There, in Lingayen, and later in Ozamis, she was an excellent and popular teacher. The boys especially loved to work in her laboratory and learn the intricacies of the dissection of small mammals. Her students responded to her gentle manner and learned from her far more than the rudiments of science. The enjoyed too performing in the operas she presented, and learning the piano from her. Winefride had a well- developed sense of fun, often hidden under her reserved manner. She could lighten things in community, entertaining them after supper, for example, by pushing aside the dishes and performing whole concertos with her fingers on the table while humming along. All the time with a twinkle in her brown eyes.
In this busy, committed life there grew in her a longing for more silence and solitude. After much prayer, pondering and inner struggle she asked to go to a contemplative Order of nuns in Ireland. This, she felt, was God’s will for her and she once again left what was familiar and dear to go to the Poor Clares. By then she had been nearly 20 years in the Philippines, among a people she delighted in and in a community who cherished her. It was a hard going, the wrench being felt on both sides. But, for Winefride seeking God was all that mattered, whatever the cost. So she went to Cork and lived the life of a Poor Clare with zeal and devotion. But after 6 years, when it came to making her final vows she knew she had to leave. We can only imagine her turmoil at that time: Why had God led her there only for her to leave again? For a sensitive and deeply spiritual woman this was surely the dark night of the soul. Winefride, with great faith and no little courage, readjusted to Columban life, a life which had changed much over the years as the community strove to implement the directives of Vatican 2. The sisters of course, were happy to have her back and helped to ease her way in. But it was a hard and lonely struggle.

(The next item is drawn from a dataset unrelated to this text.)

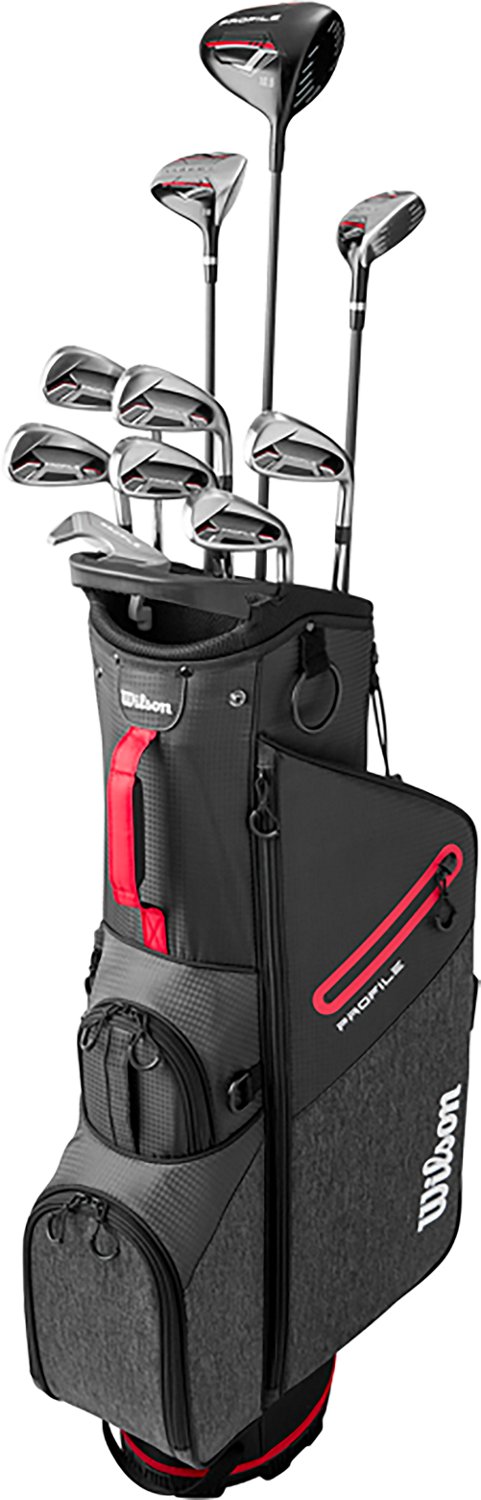 Your starter golf phenom will love getting this Wilson Juniors' Profile Stand Golf Set as a gift to start their season. Designed for teenage swing characteristics, its durable steel clubs' heads feature low centers of gravity, enhancing launch and improving longer-distance shots. Includes a driver, 3 wood, 5 hybrid, 6-9 irons, pitching and sand wedges, and a putter, plus headcovers and a stand bag.

Back again in the Philippines, she gave of herself unstintingly, her trust in God strengthened as she faced the challenges of each day. Who can tell how many were the lives this prayerful, zealous woman touched as she led others to the Lord who was the centre of her being? When after nearly 10 years she returned to Magheramore she once again set out to bring his love to others. Now in her seventies, she was a familiar sight cycling in to Wicklow to the boys at the de la Salle school where she taught them music – and theology, though the boisterous boys may not have always cottoned on to this latter. She also gave piano lessons to some folk who came here.
Her years in the Nursing Home were a period of greater solitude as she felt free to spend more time in prayer and meditation. Family visits meant a great deal to her and she was always graciously welcomed anyone who called in on her. We will not forget her smile which seemed to radiate peace. About two months or so ago I asked her what was the marrow or the core of her prayer. She paused a moment and then with a smile that lit up her whole being she said, “God is everything; I am nothing.” The rest is silence.
Let me end with a prayer which she had and which, in some measure, I think, epitomises her life; and is her gift to each of us here today.
May He give us all the courage that we need to go the way that He shepherds us. That when He calls, we may go unfrightened. If He bids us come to Him across the waters, that unfrightened we may go. And if He bids us climb the hill may we not notice that it is a hill, mindful only of the happiness of His company. He made us for himself that we should travel with Him and see Him at last in His unveiled Beauty in the Abiding City where He is Light and Happiness and Endless Home. (Fr Bede Jarrett O.P.)